───── EXCERPTED RECORDS

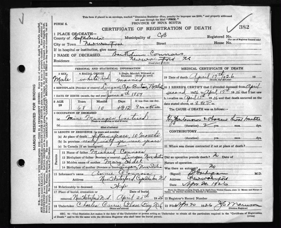 Male Death Registration: Year: 1926 file: 81 number: 382
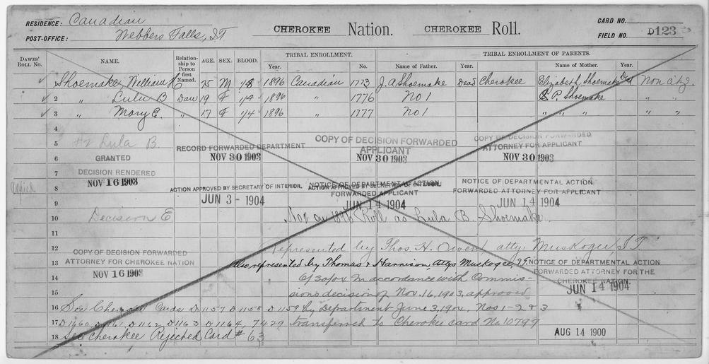 Keywords: Enrollment for Cherokee Census Card D123 - NARA - 251871.tif Local identifier 75-53A-CHEROKEE D123 Department of the Interior Office of Indian Affairs Office of the Commissioner to the Five Civilized Tribes 1893 - 1914 NARA's Southwest Region Fort Worth NRFA 1400 John Burgess Drive Fort Worth TX 76140 Record group Record Group 75 Records of the Bureau of Indian Affairs 1793 - 1999 Record group ARC 404 Enrollment Cards compiled 1898 - 1914 Series ARC 251747 Variant control numbers NAIL Control Number NRFF-75-53A-17389<br /> NAIL Control Number NRFF-75-53A-17397<br /> NAIL Control Number NRFF-75-53A-17402<br /> NAIL Control Number NRFF-75-53A-17405<br /> NAIL Control Number NRFF-75-53A-17415<br /> NAIL Control Number NRFF-75-53A-17420<br /> NAIL Control Number NRFF-75-53A-CHEROKEE D123 General notes Scope and content Name Elizabeth Shoemake Type Parent Sex Female Name Ja Shoemake Type Parent Sex Male Name Lulu B Shoemake Type Doubtful Age 19 Sex Female Degree Indian Blood 1/4 City of Residence Webber Falls Name Mary E Shoemake Type Doubtful Age 17 Sex Female Degree Indian Blood 1/4 City of Residence Webber Falls Name Sp Shoemake Type Parent Sex Female Name William H Shoemake Type Doubtful Age 75 Sex Male Degree Indian Blood 1/8 City of Residence Webber Falls File unit File unit ARC yes <gallery> File Enrollment_for_Cherokee_Census_Card_D123_-_NARA_-_251871 tif tif File Enrollment_for_Cherokee_Census_Card_D123_-_NARA_-_251871 jpg jpg </gallery> NARA-cooperation PD-USGov Cherokee census cards NARA TIF images with categorized JPGs |
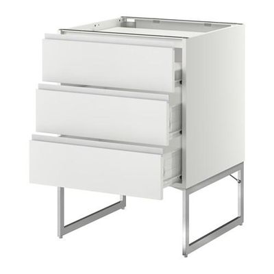 МЕТОД / ФОРВАРА Напольн шкаф/3фронт пнл/3ящика - 60x60x60 см, Нодста белый/алюминий, белый
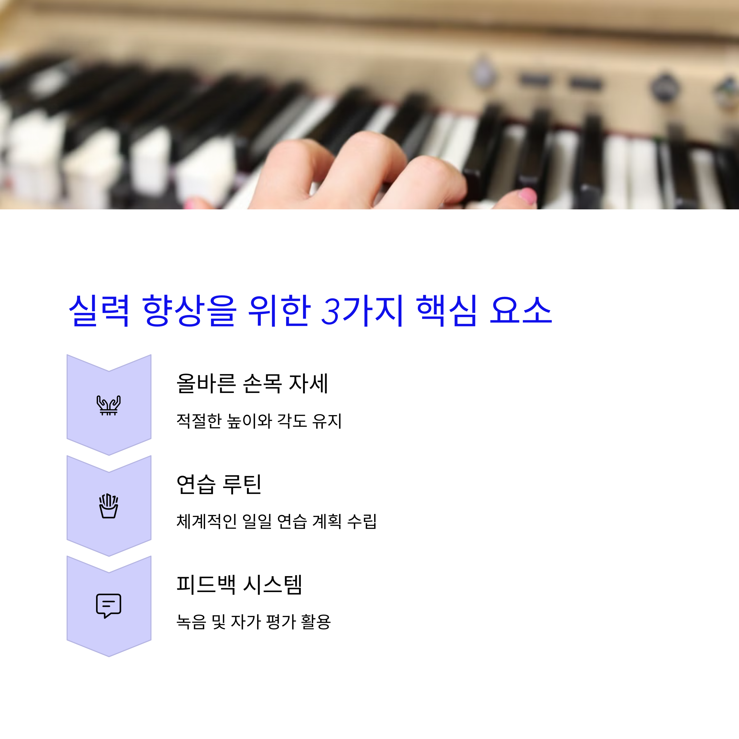 | 손목이 꺾이지 않도록 자연스럽게 유지 | 하루 30분씩 파트 나눠 계획 세우기 | 녹음, 영상, 커뮤니티 등을 통한 자기 점검 |
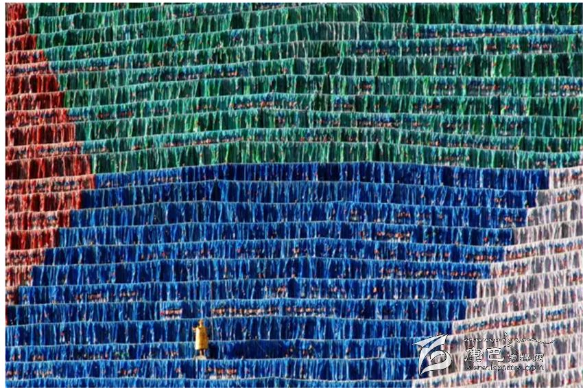 各種顏色的經(jīng)幡組成了六字箴言的第一個(gè)字“嗡”掛在山上,面積約有100多平方米,可以與拉薩大昭寺的大唐卡相媲美!
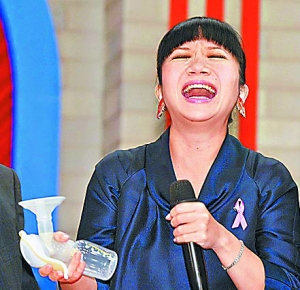 陶晶瑩開始休產(chǎn)假 獲電視臺老板送擠奶器(圖)

──────────

**EXERCISE AIM**
The reply should contain every line of the material exactly, and no images.

**YOUR SOLUTION**
 Male Death Registration: Year: 1926 file: 81 number: 382
 Keywords: Enrollment for Cherokee Census Card D123 - NARA - 251871.tif Local identifier 75-53A-CHEROKEE D123 Department of the Interior Office of Indian Affairs Office of the Commissioner to the Five Civilized Tribes 1893 - 1914 NARA's Southwest Region Fort Worth NRFA 1400 John Burgess Drive Fort Worth TX 76140 Record group Record Group 75 Records of the Bureau of Indian Affairs 1793 - 1999 Record group ARC 404 Enrollment Cards compiled 1898 - 1914 Series ARC 251747 Variant control numbers NAIL Control Number NRFF-75-53A-17389<br /> NAIL Control Number NRFF-75-53A-17397<br /> NAIL Control Number NRFF-75-53A-17402<br /> NAIL Control Number NRFF-75-53A-17405<br /> NAIL Control Number NRFF-75-53A-17415<br /> NAIL Control Number NRFF-75-53A-17420<br /> NAIL Control Number NRFF-75-53A-CHEROKEE D123 General notes Scope and content Name Elizabeth Shoemake Type Parent Sex Female Name Ja Shoemake Type Parent Sex Male Name Lulu B Shoemake Type Doubtful Age 19 Sex Female Degree Indian Blood 1/4 City of Residence Webber Falls Name Mary E Shoemake Type Doubtful Age 17 Sex Female Degree Indian Blood 1/4 City of Residence Webber Falls Name Sp Shoemake Type Parent Sex Female Name William H Shoemake Type Doubtful Age 75 Sex Male Degree Indian Blood 1/8 City of Residence Webber Falls File unit File unit ARC yes <gallery> File Enrollment_for_Cherokee_Census_Card_D123_-_NARA_-_251871 tif tif File Enrollment_for_Cherokee_Census_Card_D123_-_NARA_-_251871 jpg jpg </gallery> NARA-cooperation PD-USGov Cherokee census cards NARA TIF images with categorized JPGs |
 МЕТОД / ФОРВАРА Напольн шкаф/3фронт пнл/3ящика - 60x60x60 см, Нодста белый/алюминий, белый
 | 손목이 꺾이지 않도록 자연스럽게 유지 | 하루 30분씩 파트 나눠 계획 세우기 | 녹음, 영상, 커뮤니티 등을 통한 자기 점검 |
 各種顏色的經(jīng)幡組成了六字箴言的第一個(gè)字“嗡”掛在山上,面積約有100多平方米,可以與拉薩大昭寺的大唐卡相媲美!
 陶晶瑩開始休產(chǎn)假 獲電視臺老板送擠奶器(圖)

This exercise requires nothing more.